Lightweight neural networks have been introduced that allow model developers to select a small network corresponding to resource restrictions, i.e., latency and size. In particular, many studies have been conducted on image classification tasks with the aim of reducing the model capacity. Depthwise separable convolution was adopted in [42] and MobileNet in [28] to reduce the computation in the first few layers. In contrast, flattened networks [43] construct a network with fully factorized convolution, demonstrating the effectiveness of intensely factored models. Factorized convolution has been employed in factorized networks [44], similar to that in topological conjunctions. Afterwards, Xception [45] scaled up the depthwise separable convolution to exceed the performance of Inception-V3 [46]. SqueezeNet [47] is another remarkably small network that uses a bottleneck method to reduce the number of required parameters. Structured transform networks [48] and deepfried convnets [49] have been proposed to reduce computational costs. However, none of these strategies have been applied to scale down the model capacity in image-inpainting tasks.

3. Methodology

In this section, we first introduce the architecture of the proposed method and then explain the various loss functions used for training.

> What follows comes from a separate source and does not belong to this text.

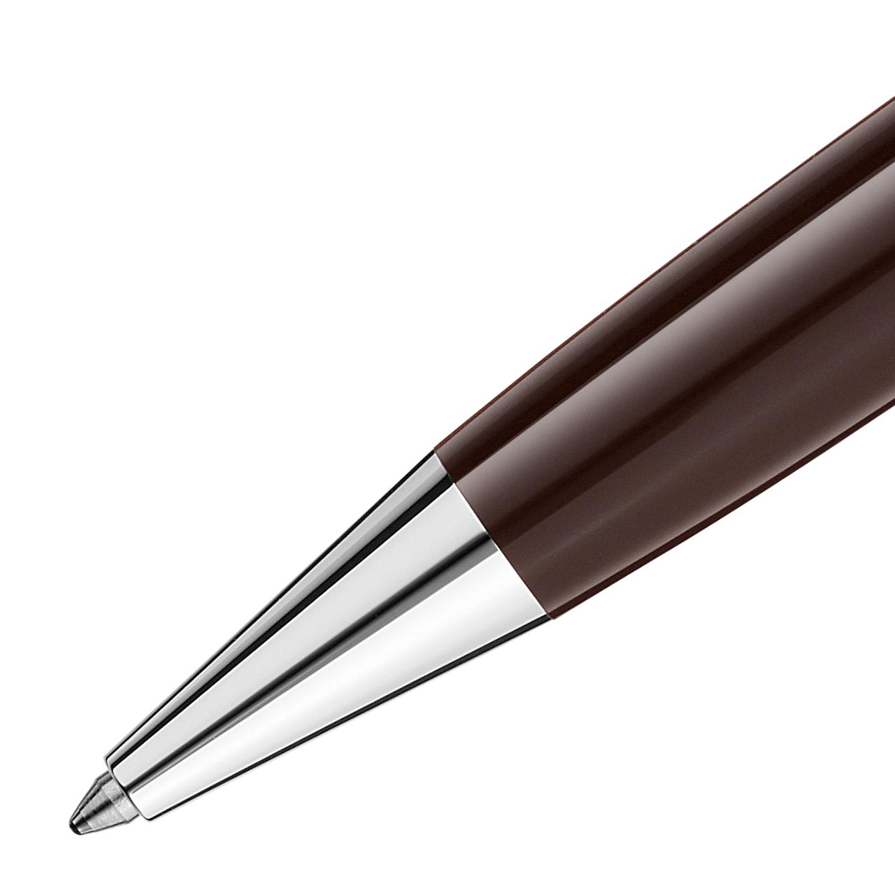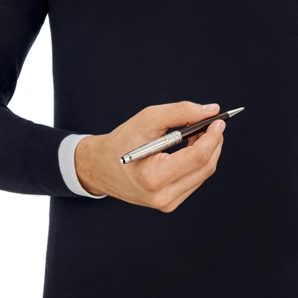 El rollerball Meisterstück Meisterstück Doué Classique Le Petit Prince con depósito de laca marrón oscuro evoca la forma aviador. El capuchón de metal platinado está realzado con un grabado del desierto y de un avión, luce una oración del libro El Principito y ostenta el icónico emblema en la parte superior. Tiene los tres anillos platinados, con la marca Montblanc grabada en el anillo central, y el clip es realzado por una estrella de laca amarilla.

3.1. Generator Architecture

Figure 1 shows the architecture of the proposed method, which employs an autoencoder framework. To minimize the number of model parameters, we introduce a combination of depthwise and pointwise convolutions, as in [28]. Depthwise and pointwise convolutions are employed sequentially at the encoder and applied in the opposite order at the decoder. In both parts, depthwise convolutions with a kernel size of 3 × 3 are used to extract features and increase the receptive field. Pointwise convolutions with a kernel size of 1 × 1 are used to alter the number of channels. For all convolutional modules, spectral normalization [50] was used to stabilize the training process. SPADE [29] was chosen to conditionally normalize the masked and unmasked regions according to the semantic prior information. The SPADE framework is comprehensively analyzed in Section 3.1.1. LeakyReLU (LReLU) was chosen as the activation function, and its hyperparameter was set to 0.2.
For a given a masked input image with a size of 256 × 256 × 3 , the encoder first expands the number of channels to 48. The spatial size of the feature map is then downsampled by half using a depthwise convolutional module, while the number of channels is doubled to extract a feature map of size 128 × 128 × 96 . The encoder then applies the same operation again, which reduces the size of the feature map to 64 × 64 × 192 . At this point, the masked regions are not yet filled with appropriate pixels. Hence, we use a DDCM to fill in the missing areas and aggregate the features with different receptive fields. The DDCM structure is thoroughly discussed in Section 3.1.2.
After passing through the encoder, the decoder recovers the resolution and generates the final output. The decoder first upsamples the input feature map using nearest-neighbor interpolation with a scaling factor of two. To obtain the spatial information, the output is concatenated channel-wise with the feature map from the encoder, which has the same spatial size. Because the masked regions in the feature map obtained by the encoder are unfilled, the DDCM is applied to the feature map immediately prior to concatenation. Moreover, we employ ESA [31] to fully extract the useful nonlocal information from the aggregated feature map. The design of ESA is described in Section 3.1.3. After ESA, the number of channels in the feature map is reduced from 288 to 96 using the pointwise and depthwise convolutional modules, yielding a feature map of size 128 × 128 × 96 . The decoder uses the same procedure to extract a feature map of size 256 × 256 × 48 . Finally, a pointwise convolutional module is employed to match the number of channels with the original input and produce the final result with size 256 × 256 × 3 .
By adopting the aforementioned methods, the resulting PEIPNet is a lightweight architecture that can generally be used for real-world applications, i.e., embedded boards and smartphones. The model capacity and computational cost are thoroughly analyzed in Section 4.4.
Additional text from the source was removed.